I’ve been on the receiving end of that, asking two 11-year-olds who also play cello for help. It’s a win-win situation: I understand the music better and have my questions answered, while they feel proud in helping an adult and sharing their knowledge.

Second generation

MusicWorks! is also launching a second-generation program, where any parent or guardian of a student is invited to come and take lessons alongside a child.

“After one of the first recitals at the beginning of the year, I had a couple parents and one grandparent say, ‘This is such a great opportunity for these kids, I wish I had the chance to do this when I was their age. I still want to play an instrument,’” Miss Melissa says.

“That program will allow any parent or guardian who wants to learn (to do so) — kind of like you did,” Maestro Kurtz tells me. “It’s part of the philosophy of the El Sistema model and also part of what we believe. It deepens the bonds of community and family when they’re participating in learning to play an instrument with their child. It’s strengthening and enriching for the community, and that’s why we’re doing it.”

He estimates 15 to 20 adults might participate.

The next step for MusicWorks! is to expand to multiple sites, possibly in 2018, “assuming we get the funding,” the maestro says.

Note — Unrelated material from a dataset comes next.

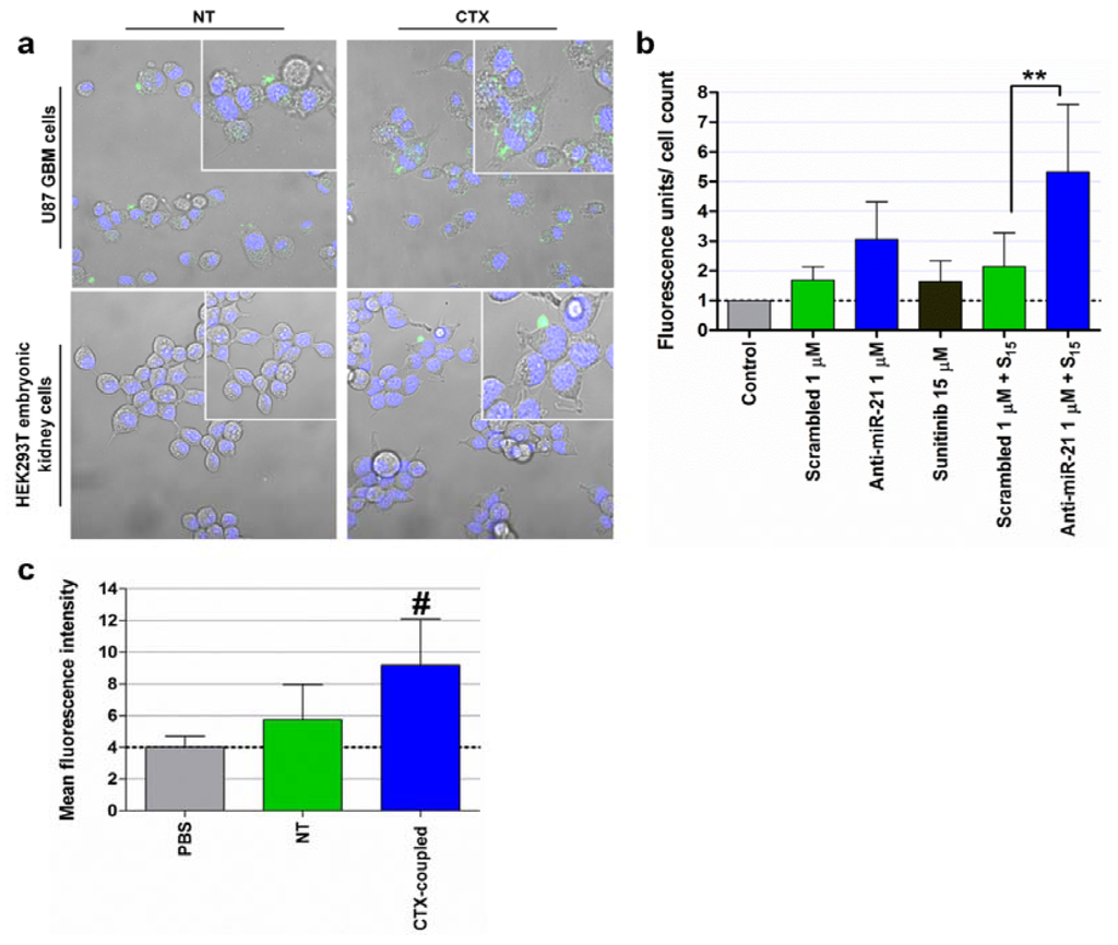SNALP internalization in human U87 GBM and HEK293T embryonic kidney cells, caspase 3/7 activation, tumor cell proliferation and biodistribution of systemically-administered SNALP-formulated FAM-labeled oligonucleotides. (a) For evaluation of SNALP internalization, U87 and HEK293T cells were incubated with CTX-coupled (CTX) or nontargeted (NT) liposomes encapsulating FAM-labeled anti-miR-21 oligonucleotides (for 4 hours at 37°C), at a final oligonucleotide concentration of 1 μM. Cells were then rinsed twice with PBS, stained with DNA-specific Hoechst 33342 (blue) and then observed by confocal microscopy. (b) For evaluation of caspase 3/7 activation, U87 cells were incubated with CTX-coupled liposomes encapsulating anti-miR-21 or scrambled oligonucleotides for 4 hours, washed with PBS and further incubated for 24 hours with fresh medium. Cells were subsequently exposed to 15 μM of sunitinib for 24 hours, rinsed with PBS, after which caspase 3/7 activation was evaluated by the SensoLyte homogenous AMC caspase-3/7 assay (AnaSpec, San Jose, CA, USA). Results, presented as relative fluorescence units (RFU) with respect to control untreated cells, were normalized for the number of cells in each condition. Scrambled/anti-miR-21 1 μM + S15: cells transfected with scrambled or anti-miR-21 oligonucleotides and further incubated with 15 μM sunitinib. ** p < 0.01 compared to cells incubated with SNALP-formulated scrambled oligonucleotides and further treated with 15 μM sunitinib. (c) Flow cytometry analysis (fluorescence intensity plots) of tumor homogenates from animals injected intravenously with CTX-coupled and NT liposomes encapsulating FAM-labeled siRNAs or saline solution (PBS). # p < 0.05 compared to animals injected with a similar amount of NT SNALP-formulated siRNAs. Results are presented as mean ± standard deviation of at least three different experiments.

“By then, we’ll have three years of solid data and the experience of running a complete program for three years, with a lot of lessons learned along the way. We’ll have the blueprint for how to work in other communities.”

Meanwhile, the 2016-2017 school year is winding down. For MusicWorks! it concludes with a recital at 5 p.m. Friday, May 19, at the Heights Center. Alongside members of the Gulf Coast Symphony, we’ll play “The Great Gate of Kiev” from “Pictures at an Exhibition” as well as “The William Tell Overture” and possibly some folk tunes such as “Boil Em Cabbages” and “Cripple Creek.”

“It’s about changing perspective,” says Maestro Kurtz. “It opens possibilities and the imagination of these children for what might be. It opens their minds to new horizons they would not have thought about before being in this program.” ¦

MusicWorks! recital

>> What: The MusicWorks! Orchestra with members of the Gulf Coast Symphony

>> When: 5 p.m. Friday, May 19

>> Where: The Heights Center, 15570 Hagie Drive, Fort Myers

>> Cost: Free and open to the public

>> Info: 277-1700 or www.gulfcoastsymphony.org

>> More: MusicWorks! accepts donations of used instruments and books.